Of course, some will hear that A Dog’s Purpose follows an anthropomorphized dog, voiced by Josh Gad (Frozen), through five lives and race to their local theaters. Others will run screaming for the hills. Some will hear lines like “She always brought me something to eat. I almost forgot what it was like to be hungry. Well, almost!” and be unable to suppress an “Awwwww.” Others will retch. If you belong to the former camp, I don’t judge, really. I get the impulse for dog lovers to watch a movie that’s the equivalent of paging through a 16-month puppy calendar. I really do.
Of course, the scandal over a German Shepherd’s mistreatment on the set has put a damper on the fun, but there’s a much better reason to boycott A Dog’s Purpose. It’s terrible. Directed by Lasse Hallstrom (Hachi: A Dog’s Tale), this squishy schmaltzfest begins with Gad musing, “What is the meaning of life? Are we here for a reason? Is there a point to any of this?” Questions two and three will occur to at least a few viewers on the way to an answer to the titular mystery.
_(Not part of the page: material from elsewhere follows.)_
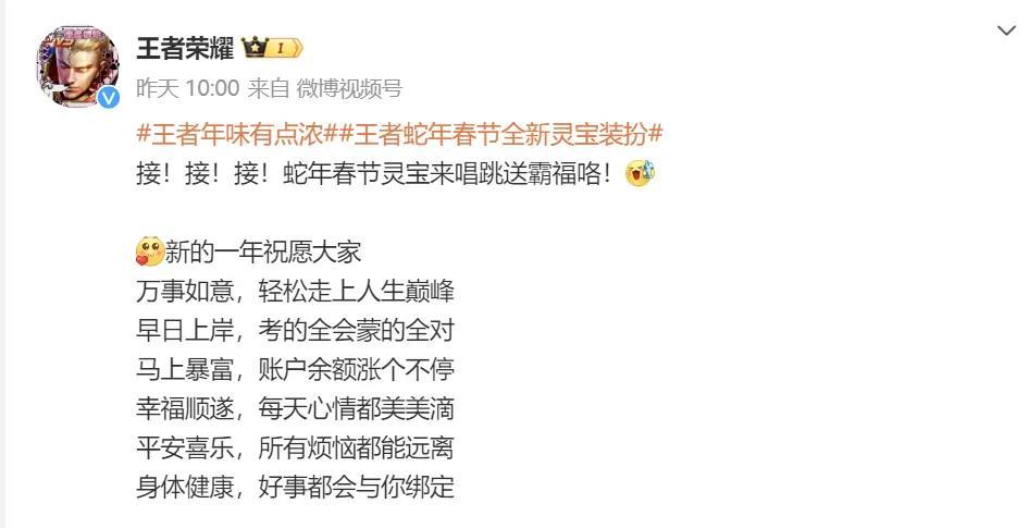 昨天小王公佈了由《王者榮耀》和新華社聯合出品,沈騰、楊冪、艾倫、周深等明星、KOL參演的蛇年賀歲短片——短片陣容豪華,講的卻是王者玩家的普通故事;

And listen, you will never guess what a dog’s purpose is.
Before you call me Ebenezer Scrooge, understand that there’s only so much cliché, caricature, and cutesiness an adult human can take, even as it’s punched up with only-in-the-movies stupid pet tricks. The stunt that resulted in the scandal comes in a hero-dog sequence that finds a police dog jumping off a Chicago bridge to save one person, then somehow jumping back onto the bridge to save another person. Even Lassie on her best day couldn’t have managed that. In another scene, the dog coerces a confession from a criminal who easily could have walked away scot-free. It’s that kind of movie.
Hallstrom is no help. Sure, there are lots of dog’s-eye view shots early on, to establish the film’s point of view. But can someone explain to me the sinus P.O.V. shot, in which we look out from inside a dog’s nostrils? Or the isn’t-that-cute logic by which a dog can call vets “white coat people” (LOL!) because the dog knows the words “white,” “coat,” and “people” but not “vet”? This, my friends, is why you hire five screenwriters…comedy gold.
Because of the anthology format, no one actor had to labor very long on A Dog’s Purpose, and, after all, the dogs are the real stars (although Dennis Quaid, Peggy Lipton, John Ortiz, and others pass through). But I’m here to tell you it’s okay to love dogs and hate A Dog’s Purpose, a white-bread movie if ever there were one. And your kids, who admittedly will love it, deserve better too.